IEA Sees No Oil Price Rebound for Years But ...

Nick Cunningham,

Oil prices are likely to stay below $80 per barrel for another five years, according to a closely watched energy report.

The International Energy Agency released its 2015 World Energy Outlook, with predictions for energy markets out to 2040. Although there are no shortage of caveats, the IEA projects that oil prices will only rebound slowly and intermittently, and the supply overhang will slowly ease through the rest of the decade. In its “central” scenario, it sees oil prices rebalancing in 2020 at $80 bbl, with increases in the years following.

At issue, as always, is supply and demand dynamics. The IEA estimates that the oil industry will slash upstream investment by 20 percent in 2015, which will cut into long-term supply figures. Non-OPEC supply will peak before 2020 as a result of much lower investment, topping off at 55 MMbpd.

U.S. shale will recover as prices rebound, but the IEA still sees it as a passing fad. As the sweet spots get played out in the U.S., and costs remain elevated compared to other sources of production from around the world, shale will not be around for the long haul. The IEA sees U.S. shale output plateauing in the early 2020s at 5 MMbpd. Thereafter, it declines.

The IEA weighs a scenario in which oil prices don’t actually rebound in the medium to long-term, however. In this scenario, OPEC continues to pursue market share, U.S. shale remains resilient, and the global economy doesn’t perform as well as expected. All of that adds up to oil prices remaining at $50 per barrel through the remainder of the decade and only rising to $85 per barrel by 2040.

Of course, there is a flip side to that coin. Persistently low prices gut investment in new sources of supply, which sow the seeds for a supply shortage in the years ahead. As a result, prices could spike.

Translation: nobody knows what will happen to oil prices. So it is important to remember that the IEA merely puts forward educated guesses based on a range of assumptions.

On the demand side, the IEA sees only 900,000 bbpd in average annual increases in demand through 2020, which is just half of the 1.8 MMbpd in demand growth the agency expects to see in 2015.

Although it is almost not even worth looking at projections out to 2040, the IEA still expects the United States, the EU and Japan to slash oil demand by a combined 10 MMbpd over the next 25 years. That is a massive amount to be sure, but given the fact that the IEA has consistently underestimated the pace of adoption for renewables and energy efficiency, there is a good chance that it is understating the true extent to which the industrialized world will shift away from crude oil in the coming decades.
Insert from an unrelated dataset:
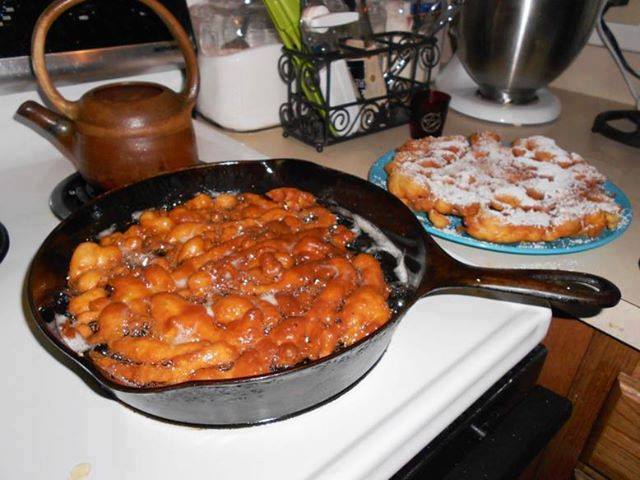 -Preheat oil in a cast iron skillet on medium high heat (for an electric frying pan preheat to 375 degrees). Leave room between the oil and the top of the pan to allow room for batter to be added. Beat eggs, add milk and sugar. Beat well. In a separate bowl, sift flour, salt and baking powder. Add to egg and milk mixture. Beat until batter is smooth. Batter should be thin enough to flow through the opening of your funnel. If needed, add a little more milk.

In fact, that could be the most important takeaway from the report. The IEA says that there are “clear signs that an energy transition is underway: renewables contributed almost half of the world’s new power generation capacity in 2014.” That is expected to continue – the IEA sees 60 cents out of every dollar spent on new electric power plants through 2040 will go to renewable energy. That spells trouble for coal, the report says. Coal accounted for 45% of the increase in global energy demand over the past decade, a share that drops to just 10 percent between now and 2040.

Policy is reinforcing cost trends – renewables are getting cheaper while fossil fuels are expected to become more expensive. It is inevitable that renewable energy will continue to grow and capture more market share, slowly but surely cutting out oil, gas, and coal.

“The biggest story is in the case of renewables,” IEA Executive Director Fatih Birol said when launching the report. “It is no longer a niche. Renewable energy has become a mainstream fuel, as of now.”